The Hubble eXtreme Deep Field (HXDF), released on September 25, 2012, is an image of a portion of space in the center of the Hubble Ultra Deep Field image. Representing a total of two million seconds (approximately 23 days) of exposure time collected over 10 years, the image covers an area of 2.3 arcminutes by 2 arcminutes, or approximately 80% of the area of the HUDF. This represents approximately one thirty-two millionth of the sky.

The HXDF contains approximately 5,500 galaxies, the oldest of which are seen as they were 13.2 billion years ago. The faintest galaxies are one ten-billionth the brightness of what the human eye can see. The red galaxies in the image are the remnants of galaxies after major collisions during their elderly years. Many of the smaller galaxies in the image are very young galaxies that eventually developed into major galaxies, similar to the Milky Way and other galaxies in our galactic neighborhood.​

I think we are getting plenty of photons from out there and it is easily possible to see stars without any FE sophistry.
 
Easily busted by aircraft. At night, you can see their nav-lights when they are flying at cruising altitudes. But at say 30,000 feet the nav-lights would need to be over 8 feet in diameter to fill 1 arc minute. Nav-lights vary in size by aircraft type but none are 8 feet in diameter.

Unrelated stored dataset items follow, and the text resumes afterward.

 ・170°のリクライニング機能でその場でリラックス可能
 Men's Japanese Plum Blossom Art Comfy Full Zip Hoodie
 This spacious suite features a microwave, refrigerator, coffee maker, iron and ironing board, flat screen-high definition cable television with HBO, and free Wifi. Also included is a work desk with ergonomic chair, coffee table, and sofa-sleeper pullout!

I suspect you could also use the red beacon lights that are on things like radio masts as a good example. They are about 2 feet high, yet visible from tens of miles away. A true zetetic could verify this by climbing up to measure the bulb.
Metabunk 2018-06-05 07-06-41.jpg

With aircraft nav lights they are rarely perfectly overhead, so probably 10+ miles away with the horizontal distances.

Then there's these guys with two spotlights, visible from the ISS. >250 miles away.

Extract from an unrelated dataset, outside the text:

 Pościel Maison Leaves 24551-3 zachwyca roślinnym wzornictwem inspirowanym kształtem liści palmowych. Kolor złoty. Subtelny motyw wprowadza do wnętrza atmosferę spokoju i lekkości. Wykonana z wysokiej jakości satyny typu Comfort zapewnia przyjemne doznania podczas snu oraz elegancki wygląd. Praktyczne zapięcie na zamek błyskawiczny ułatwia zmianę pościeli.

Source: https://youtu.be/2UoY15WDuHQ
 
9. But the smallest visual angle the human eye can resolve is about 1 minute of arc, which is about 2000 times larger than the angle derived at (8).
There is no limit to how small a speck of light you can see, but there is a limit to how small shapes we can resolve. If something is smaller than that limit it will appear as a dot. So it doesn't matter if the star is small (it does matter how bright it is though.)

Besides the quality of lenses and such there are two basic factors that limit the resolution of an optical system.

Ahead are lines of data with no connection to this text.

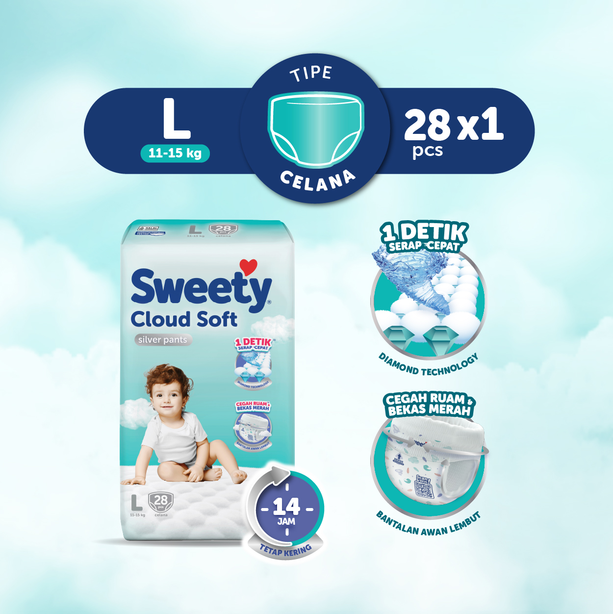 Sweety Silver Pants Cloud Soft L 28s Popok Celana Baby Diapers Special Upcount
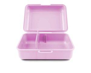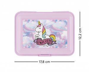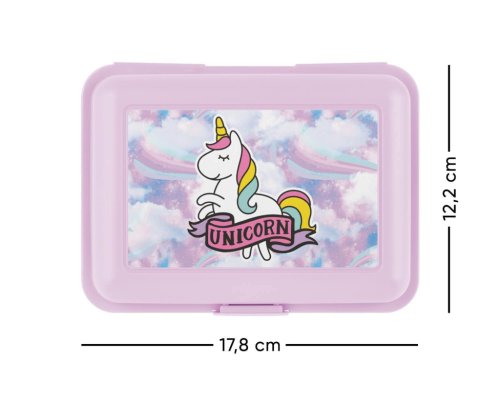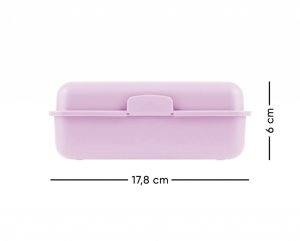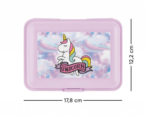 • Plastový box na svačinu. • Box má uzavírání na jeden zámek a obsahuje dělicí přepážku. • Nedoporučujeme mýt v myčce
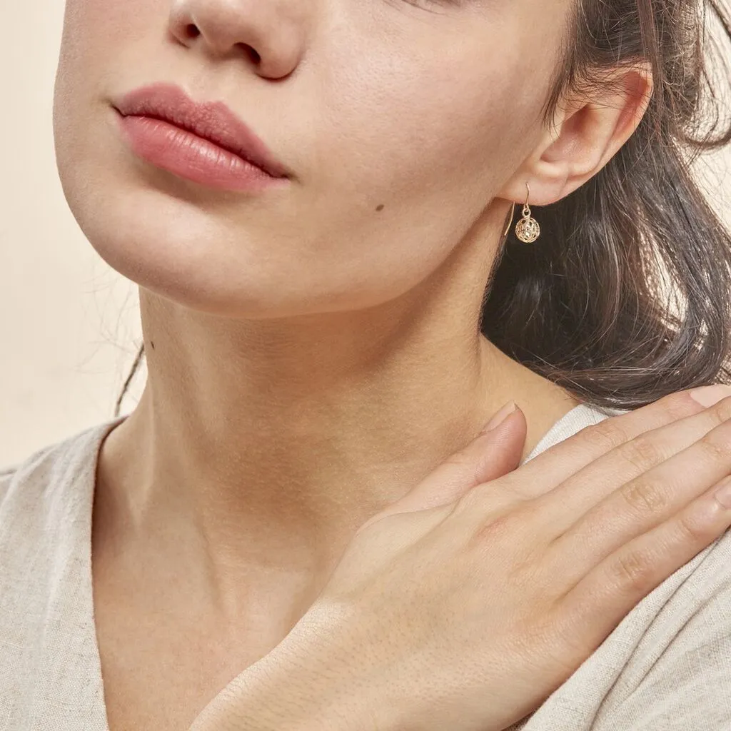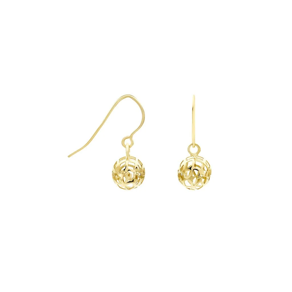 Boucles D’oreilles Pendantes Or Jaune 375/1000 Boule Ajourée 6.5mm
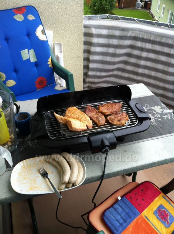 Mit dem knatternden Ding aufm Balkon ist er jetzt der Held.
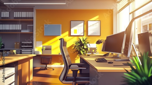 Modern office interior design workspace desk chair computer plants sunlight yellow wall art decor bright 100
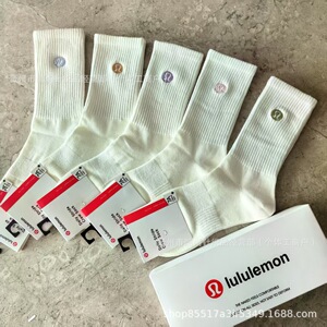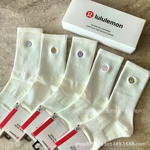 新款lulu瑜伽女袜纯色露露刺绣高筒女士运动袜子盒装户外跑步袜子

The first is the number of 'pixels' of the sensor. The lens of the eye projects an image onto the retina the same way a camera projects an image onto the photographic plate/film/CCD-sensor. The retina consists of light sensitive cells of finite size (pixels). Lets say we look at a bright T-shaped object. If it is big (and close) it's image will cover the area of many cells on the retina and you can tell it is indeed shaped like a T. However, if it is small (far away) its image might be smaller than a single cell so only one of the cells will register it and it will look like a singel point (pixel) being lit up. You can see a bright dot, but you won't be able to make out any shape. (If it is very dim there might not be enough light for the cell to register it though).

The second is the aperture size. There is a phenomena called diffraction that limits how small shapes an optical system can resolve. It causes small shapes to be blurred out (i.e you can still see it, but it will be blurry). This means there is a physical limit to how high resolution a camera system can have that depends on the diameter of the camera lens (aperture size). The diffraction limit of the human eye is larger than 10 arcsec (about 0.16 arcmin or 0.003 degrees), under typical lighting conditions it will be about 30 arcsec (0.5 arcmin). However, the human eye is not diffraction limited, we can normally only resolve about 100 arcsec (1,7 arcmin). 20/20 vision is the ability to resolve a spatial pattern separated by a visual angle of one arcmin.